#### Supplied entries
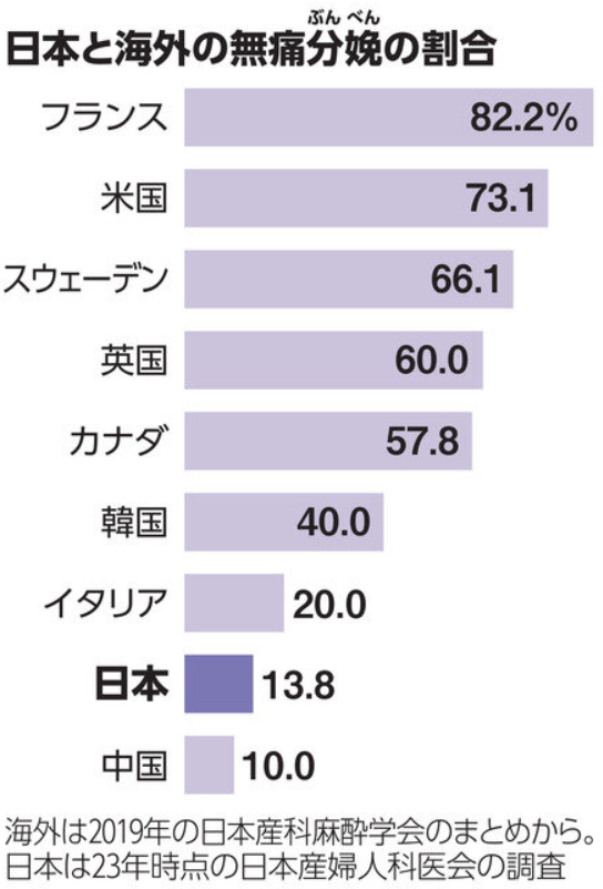 日本では、金額が高い、産院が限定される、周囲ではまだ当たり前ではない理由から、他の先進国に比べ、まだ無痛分娩率が低いようです。
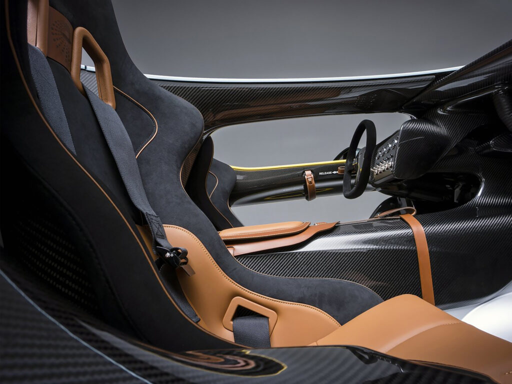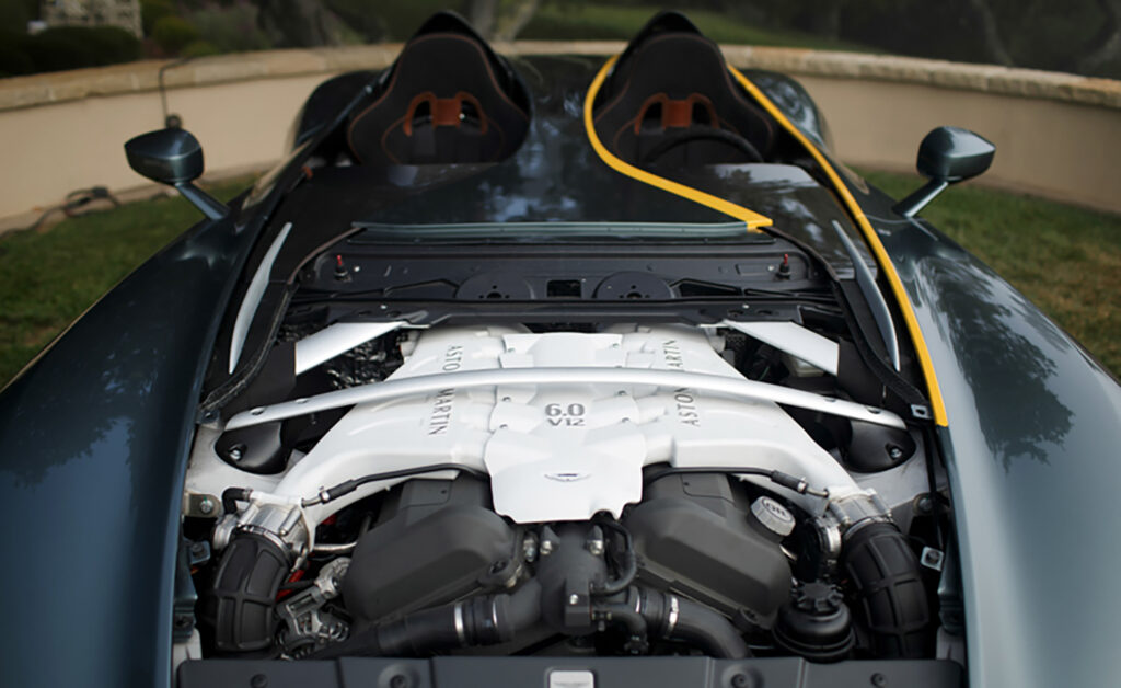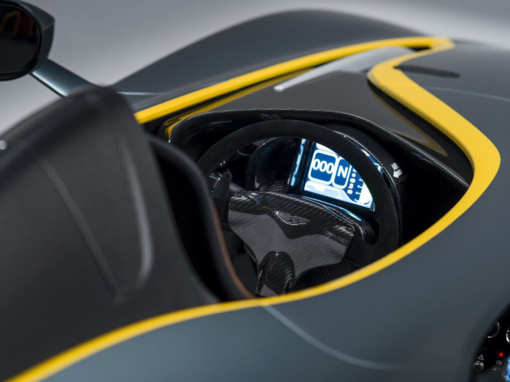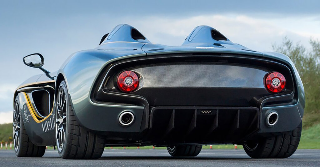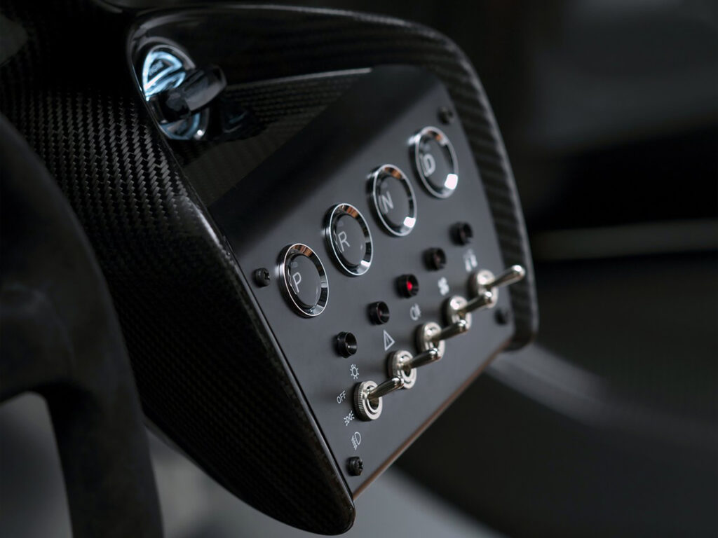 With a body and interior crafted from carbon fibre, tooled and provided by low volume specialists Multimatic, the CC100 utilises the latest generation AM11 naturally aspirated V12 gasoline engine mated to a six-speed hydraulically actuated automated sequential manual transmission. Controlled via steering column-mounted paddle shifts the lightweight ‘box delivers truly sporting changes perfectly suited to the Speedster’s track-focused nature.
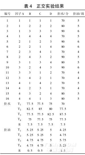 由表4比较得出拒水拒油整理最佳条件:
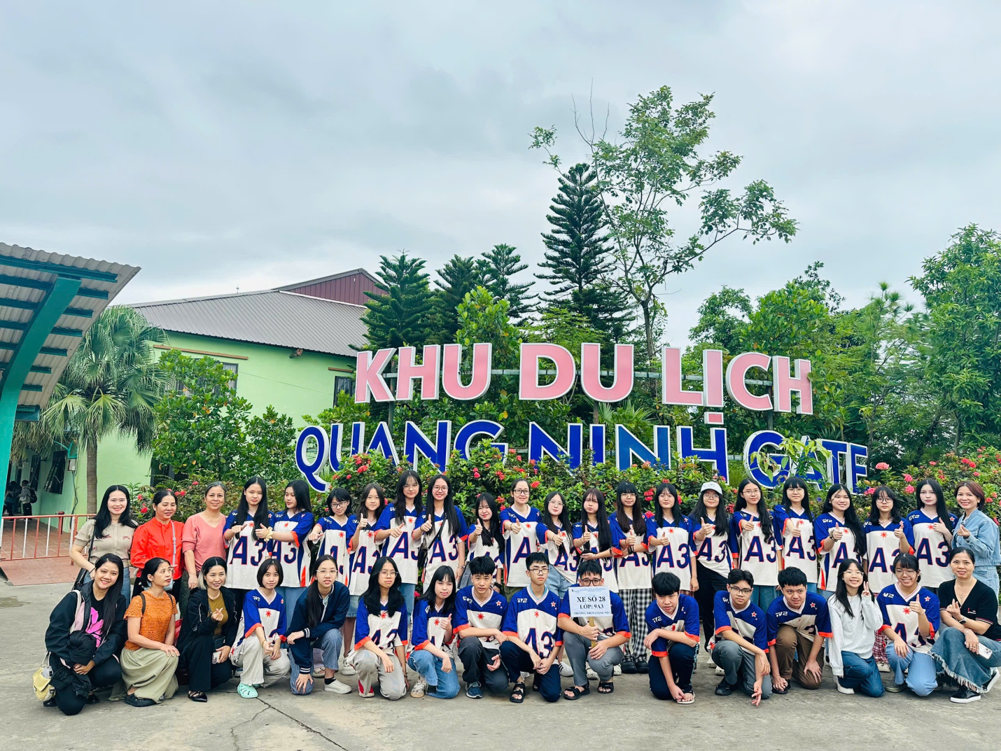 Khi hoàng hôn buông xuống, chuyến xe lại đưa chúng tôi trở về. Bên ngoài cửa kính, cánh đồng, núi non và ánh chiều tà trôi qua lặng lẽ. Ai cũng mệt, nhưng trong lòng đầy ắp niềm vui và kỷ niệm. Chuyến đi Quảng Ninh Gate không chỉ cho 9A3 chúng tôi những bức ảnh đẹp, mà còn cho chúng tôi bài học về tình bạn, sự đoàn kết và trân trọng thiên nhiên. Đó là ngày mà thầy cô và học trò trở nên gần gũi hơn, là ngày mà tiếng cười xóa tan mọi khoảng cách. Và hơn hết, đó là một dấu ấn của tuổi học trò – trong trẻo, rộn ràng, và mãi mãi đáng nhớ. Quảng Ninh Gate – nơi tuổi trẻ chúng tôi đã cùng nhau viết nên một kỷ niệm thật đẹp!
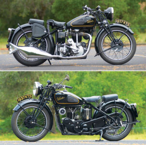 For many years, the Velocette slogan was “Always in the picture.” The official name of the British factory that built Velocettes was Veloce, Ltd. Veloce, Ltd. was a small family-owned company, but it was responsible for many motorcycling innovations, some revolutionary. Velocette produced the first sequential foot-shift gearbox, the first automatic ignition advance on an English motorcycle, and the first dual seat. The post-War Velocette frame with swingarm rear suspension and dual hydraulic suspension units was one of the first swingarm frames in commercial production. A constant threat at the Isle of Man TT races, a Velocette won its class in 1926, 1937, 1938, 1939 and 1947.
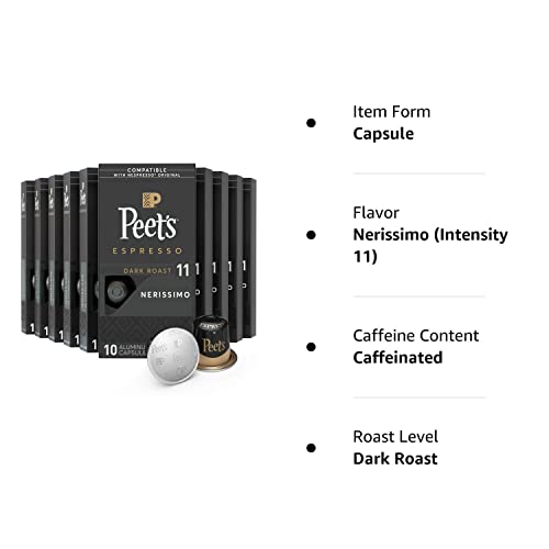 Peet’s Coffee Nerissimo Espresso Capsules; Peet’s Espresso is available in a convenient aluminum capsule that fits your Nespresso Original machine. Made with 100percent Arabica coffee, each capsule delivers the rich, high-quality coffee experience that you expect from Peet’s. Nerissimo (intensity 11, dark roast) is black as night and sweet as a brûlée topping. It is espresso’s deliciously biting answer to those who say you can’t have dessert all day. With milk or cream, bellissimo.

#### Task item
With the pictures omitted, give every line above again exactly.

#### Result
 日本では、金額が高い、産院が限定される、周囲ではまだ当たり前ではない理由から、他の先進国に比べ、まだ無痛分娩率が低いようです。
 With a body and interior crafted from carbon fibre, tooled and provided by low volume specialists Multimatic, the CC100 utilises the latest generation AM11 naturally aspirated V12 gasoline engine mated to a six-speed hydraulically actuated automated sequential manual transmission. Controlled via steering column-mounted paddle shifts the lightweight ‘box delivers truly sporting changes perfectly suited to the Speedster’s track-focused nature.
 由表4比较得出拒水拒油整理最佳条件:
 Khi hoàng hôn buông xuống, chuyến xe lại đưa chúng tôi trở về. Bên ngoài cửa kính, cánh đồng, núi non và ánh chiều tà trôi qua lặng lẽ. Ai cũng mệt, nhưng trong lòng đầy ắp niềm vui và kỷ niệm. Chuyến đi Quảng Ninh Gate không chỉ cho 9A3 chúng tôi những bức ảnh đẹp, mà còn cho chúng tôi bài học về tình bạn, sự đoàn kết và trân trọng thiên nhiên. Đó là ngày mà thầy cô và học trò trở nên gần gũi hơn, là ngày mà tiếng cười xóa tan mọi khoảng cách. Và hơn hết, đó là một dấu ấn của tuổi học trò – trong trẻo, rộn ràng, và mãi mãi đáng nhớ. Quảng Ninh Gate – nơi tuổi trẻ chúng tôi đã cùng nhau viết nên một kỷ niệm thật đẹp!
 For many years, the Velocette slogan was “Always in the picture.” The official name of the British factory that built Velocettes was Veloce, Ltd. Veloce, Ltd. was a small family-owned company, but it was responsible for many motorcycling innovations, some revolutionary. Velocette produced the first sequential foot-shift gearbox, the first automatic ignition advance on an English motorcycle, and the first dual seat. The post-War Velocette frame with swingarm rear suspension and dual hydraulic suspension units was one of the first swingarm frames in commercial production. A constant threat at the Isle of Man TT races, a Velocette won its class in 1926, 1937, 1938, 1939 and 1947.
 Peet’s Coffee Nerissimo Espresso Capsules; Peet’s Espresso is available in a convenient aluminum capsule that fits your Nespresso Original machine. Made with 100percent Arabica coffee, each capsule delivers the rich, high-quality coffee experience that you expect from Peet’s. Nerissimo (intensity 11, dark roast) is black as night and sweet as a brûlée topping. It is espresso’s deliciously biting answer to those who say you can’t have dessert all day. With milk or cream, bellissimo.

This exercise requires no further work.